Acta Chimica Slovenica
- Discipline: Chemistry
- Language: English, Slovene
- Edited by: Ksenija Kogej

Publication details
- Former name(s): Vestnik Slovenskega kemijskega društva
- History: 1954–present
- Publisher: Slovenian Chemical Society (Slovenia)
- Frequency: Quarterly
- Impact factor: 1.735 (2020)

Standard abbreviations
- ISO 4: Acta Chim. Slov.

Indexing
- CODEN: ACSLE7
- ISSN: 1318-0207 (print) 1580-3155 (web)
- LCCN: 94646636
- OCLC no.: 29881395

Links
- Journal homepage; Online access;

= Acta Chimica Slovenica =

Acta Chimica Slovenica is a quarterly scientific journal of chemistry. It comprises two parts: The first part contains peer-reviewed scientific and expert articles from the various fields of chemistry, written in English and accompanied by abstracts in Slovene.
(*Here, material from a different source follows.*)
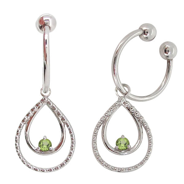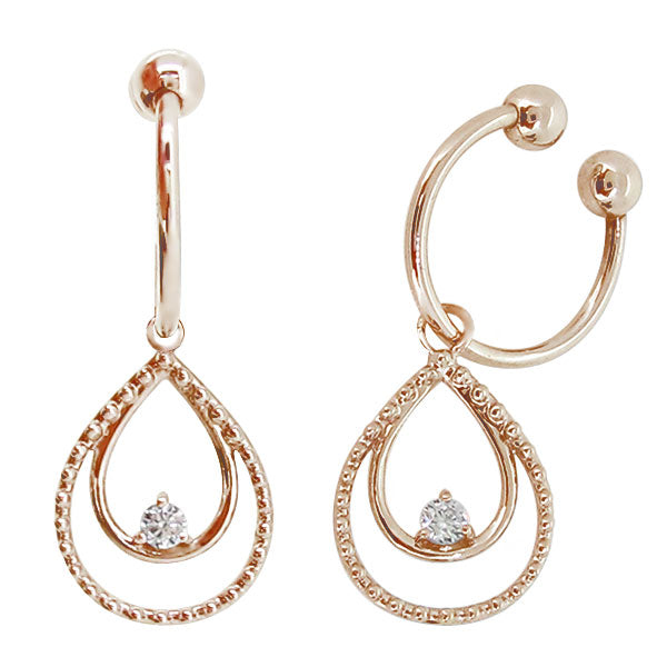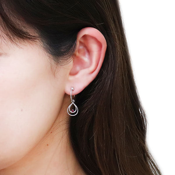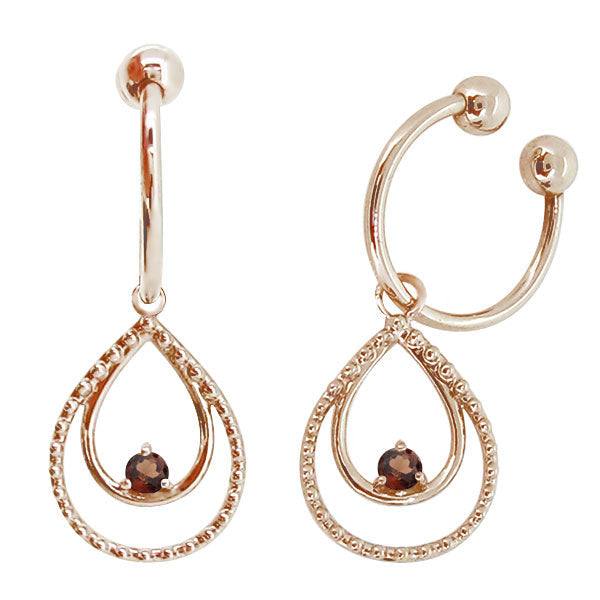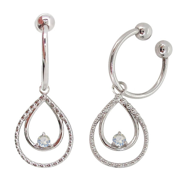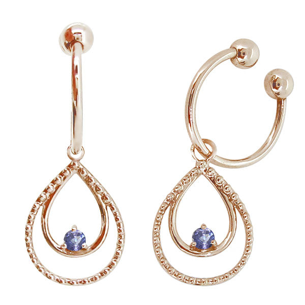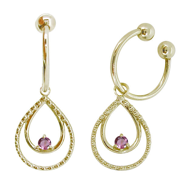 誕生石12石を使用した、雫(しずく)モチーフのフープイヤリングです。動くたびにキラキラと揺れて輝く雫型のデザインが耳元を華やかに彩ります。耳にはめ込むタイプなので、ピアスホールがあいていない方もお楽しみいただけます。

The second part, written in Slovene, contains societal news: lists of newly conferred academic degrees, reports on the work of the sections of the Slovenian Chemical Society, expert articles and book reviews, and news on conferences and other meetings.

The journal and the articles published since 1998 are also available online. The journal was established in 1954 as Vestnik Slovenskega kemijskega društva and obtained its current name in 1993.

According to SCImago Journal Rank (SJR), the journal h-index is 49, ranking it to Q3 in Chemistry (miscellaneous).